Exercise requirements:
Your answer must be the full listing, word for word, with no images in it.

Data shown:

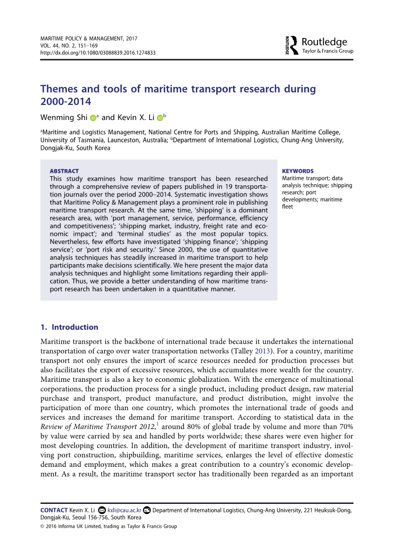 在解决海上运输的主要研究方向后,我们进一步考虑了研究方法,即研究人员如何研究这些主题和感兴趣的主题。 据我们所知,很少有研究从经济和管理的角度对海上运输进行全面的方法评估。 例如,Talley(2013)声称,相关性研究的方法可以分为制定,统计推断,优化,调查,模拟(SI),命题及其他。 但是,这种分类有点含糊不清,对于开展具体的海运问题研究提供了很少实际的建议。 Woo等人 (2011)采用更详细的分类方法,将港口研究中使用的研究方法划分为调查,访谈,经济建模(EM),数学建模,SI,案例研究(CS),概念性工作,档案分析和内容分析。
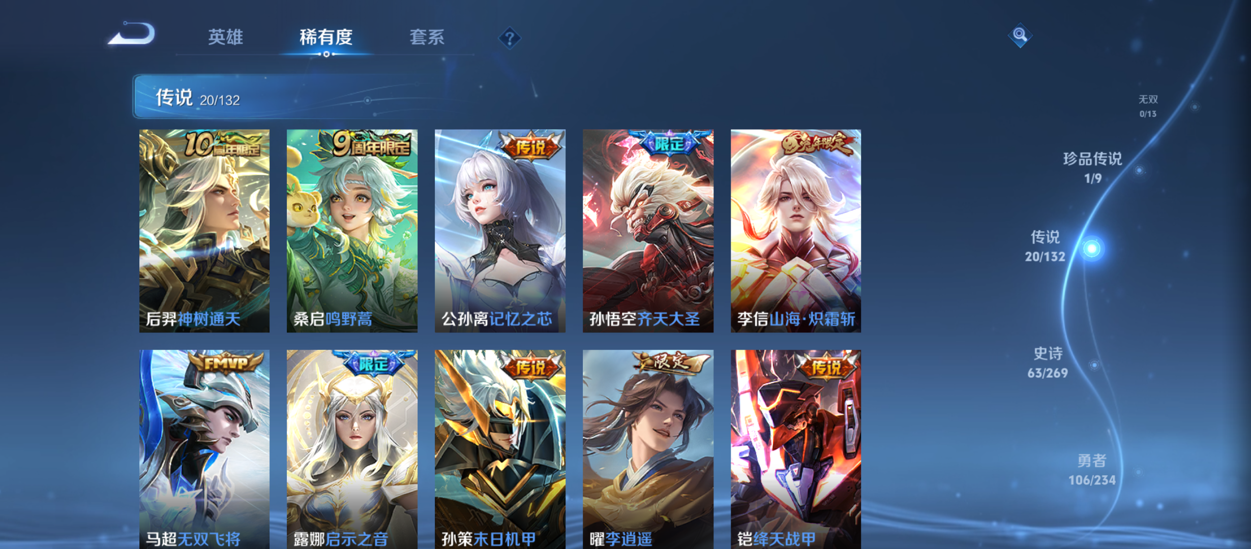txwz30065 v8 224皮 1典藏 武则天 1珍品 兔狲·蓬尾 20传说 神树通天,黄金狮子座,记忆之芯,久胜战神,鸣野蒿,山海·炽霜斩,齐天大圣,启明星使,李 ,海洋之心,冠军飞将,无双飞将,黄金白羊座,绛天战甲,猫影幻舞,末日机甲,武陵仙君,启示之音,云鹰飞将,一念神魔 62史诗
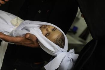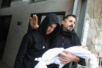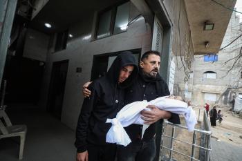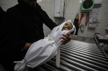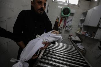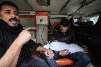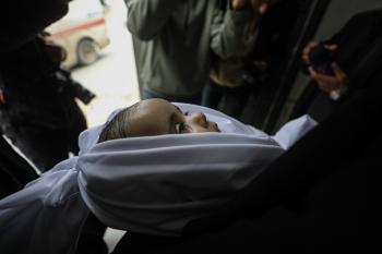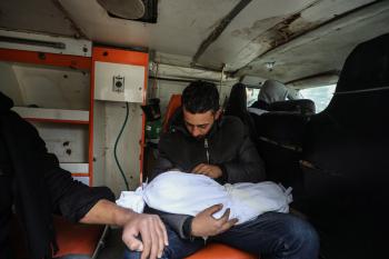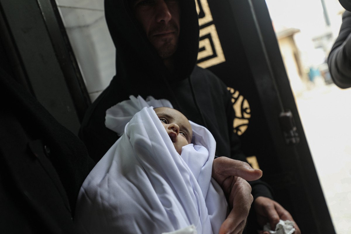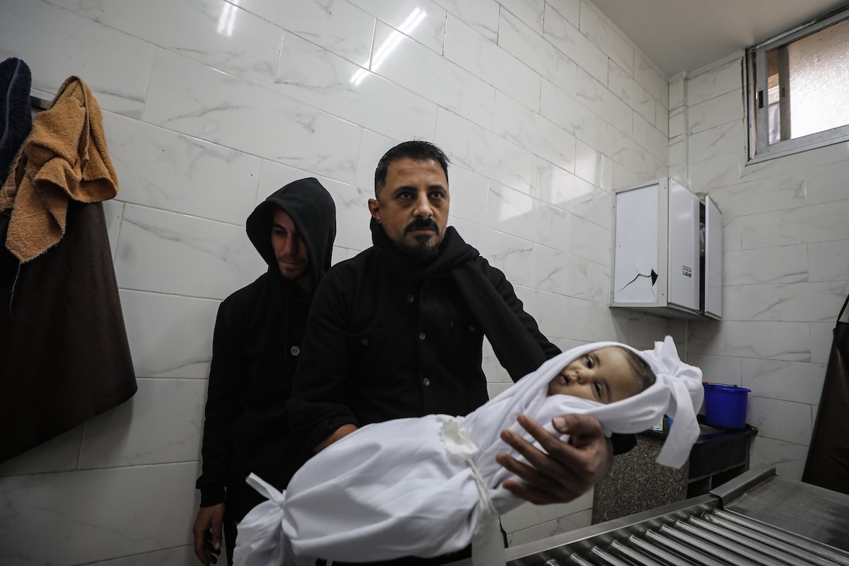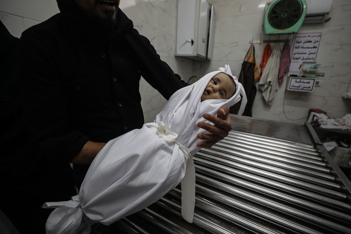 توفي الطفل علي أبو زور، البالغ من العمر ثلاثة أشهر، والذي وصل إلى مستشفى الشفاء في مدينة غزة، متأثراً بموجة البرد القارس التي ضربت مخيمات النازحين في غزة. 22 يناير/كانون الثاني 2026. صورة: عمر أشتوي

Exercise output:
 在解决海上运输的主要研究方向后,我们进一步考虑了研究方法,即研究人员如何研究这些主题和感兴趣的主题。 据我们所知,很少有研究从经济和管理的角度对海上运输进行全面的方法评估。 例如,Talley(2013)声称,相关性研究的方法可以分为制定,统计推断,优化,调查,模拟(SI),命题及其他。 但是,这种分类有点含糊不清,对于开展具体的海运问题研究提供了很少实际的建议。 Woo等人 (2011)采用更详细的分类方法,将港口研究中使用的研究方法划分为调查,访谈,经济建模(EM),数学建模,SI,案例研究(CS),概念性工作,档案分析和内容分析。
txwz30065 v8 224皮 1典藏 武则天 1珍品 兔狲·蓬尾 20传说 神树通天,黄金狮子座,记忆之芯,久胜战神,鸣野蒿,山海·炽霜斩,齐天大圣,启明星使,李 ,海洋之心,冠军飞将,无双飞将,黄金白羊座,绛天战甲,猫影幻舞,末日机甲,武陵仙君,启示之音,云鹰飞将,一念神魔 62史诗
 توفي الطفل علي أبو زور، البالغ من العمر ثلاثة أشهر، والذي وصل إلى مستشفى الشفاء في مدينة غزة، متأثراً بموجة البرد القارس التي ضربت مخيمات النازحين في غزة. 22 يناير/كانون الثاني 2026. صورة: عمر أشتوي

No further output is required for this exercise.